Forex – also referred to as foreign exchange – is a global market for trading currencies that can also be described as a network of sellers and buyers who exchange currencies with each other at an agreed price. If you want to enter the market, you need to know the basics before learning how to open a Forex position. It’s the basics that we are going to elaborate on in the article.
How Does Forex Work?
Forex is considered an over-the-counter market, which means there is no exchange: the deal is taking place directly between two parties. There are no regional restrictions for trading, or, in other words, buyers and sellers reach each other globally. Besides, deals can be carried out 24 hours a day, from 9 pm Sunday to 10 pm Friday (GMT).
Forex constantly enhances the turnover: there has been noticed a 40% increase in daily Forex trading volume within the last decade. The abundance of buyers and sellers and the constantly rising amount of daily trading volume increases FX liquidity.
This, in turn, enhances Forex’s attractiveness and reliability in terms of receiving cash. Unlike securities that may be hard to convert into banknotes with Forex, you can easily have your money to make a deposit or repay a debt.
FX trading comes with its peculiarities. In particular, this addresses three types of Forex markets:
- Spot market: The exchange takes place once the deal is settled or shortly after.

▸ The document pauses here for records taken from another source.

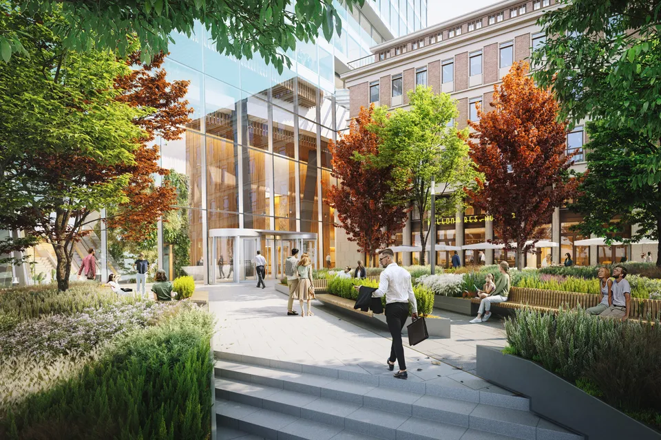 Strategically designed to activate public spaces, The Bridge fosters a sustainable urban future while offering 47,000 m2 of office space and facilities for bicycles, electric cars, and scooters. Sustainability is at the core of The Bridge, featuring environmentally friendly solutions and a smart operating system developed by Ghelamco. This system enhances safety with features like virucidal UV lamps and efficient air management. The project is the first commercial property in Central and Eastern Europe to achieve SmartScore and WiredScore certifications, alongside planned BREEAM, Well, and Green Building Standard certifications.
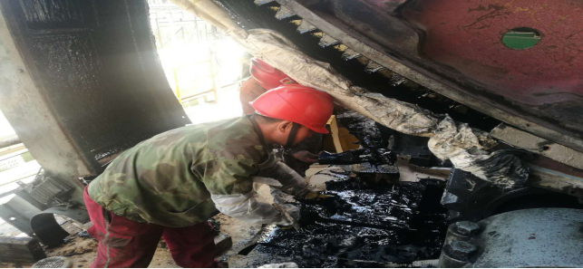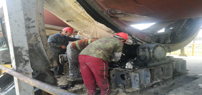 4月27日,此次回轉(zhuǎn)窯檢修已經(jīng)迎來了最后的沖刺階段。工作中最頻繁,最臟的,最累的工作任務(wù)莫過于回轉(zhuǎn)窯大齒輪更換機油及校正工作。
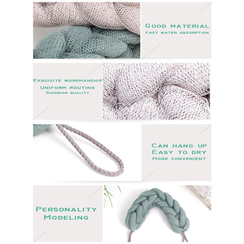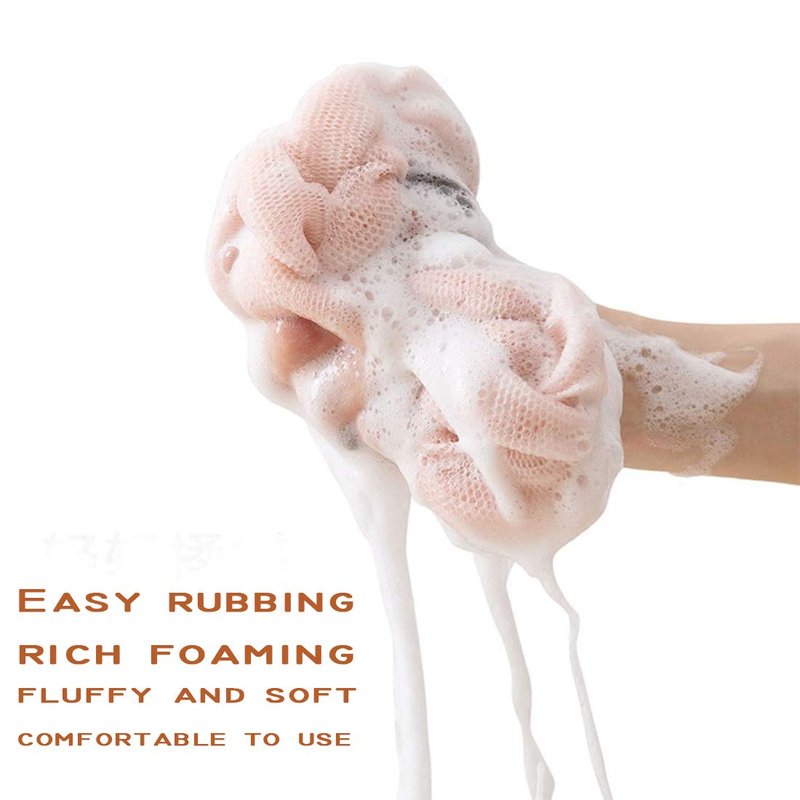 - ✔️USE FLEXIBLE: The mesh of bath sponge was soft and durable enough to used on the most delicate skin. would never scratch your skin. It also can effectively clean the skin and dirt. Perfect for cleaning the back, neck, shoulders, feet and hard to reach areas. the durable shower sponges that will not fall apart

- Future market: A legally binding contract that states the amount of the currency to be bought and sold at a certain time in the future at a pre-agreed price.
- Forward market: The same as the future market, but the contract isn’t legally binding.
So, it means that two parties (buyer/seller) agree on the deal, specifying its price, and settle it at a particular date. At this step, we should drill into the exchange basics:
Currency Pairs
The currency pair indicates two currencies that are involved in the exchange:
- A base currency – the first or purchased one in the pair
- A quote currency – the second or sold one.
The price of the pair shows the worth of one unit of the base currency according to the quote one. It means that if the price of the USD/EUR pair is $0.90, you can buy €1 for $0.90.
Currency pairs are divided into four categories:
- Major – Widely-traded pairs like EUR/USD, USD/CAD, AUD/USD, GBP/USD
- Minor – Less-frequently traded ones like GBP/JPY, EUR/GBP
- Exotic – include currencies of emerging economies like USD/CZK
- Regional – Classified by region, for example, Australasia: AUD/NZD (New Zealand dollar)
Lot and Leverage
Typically, currencies are traded in batches or lots, which implies a large amount of money involved in an exchange. A standard is 100,000 units of the base currency or the one you are buying. It means that if your base currency is EUR, you are opting for €100,000.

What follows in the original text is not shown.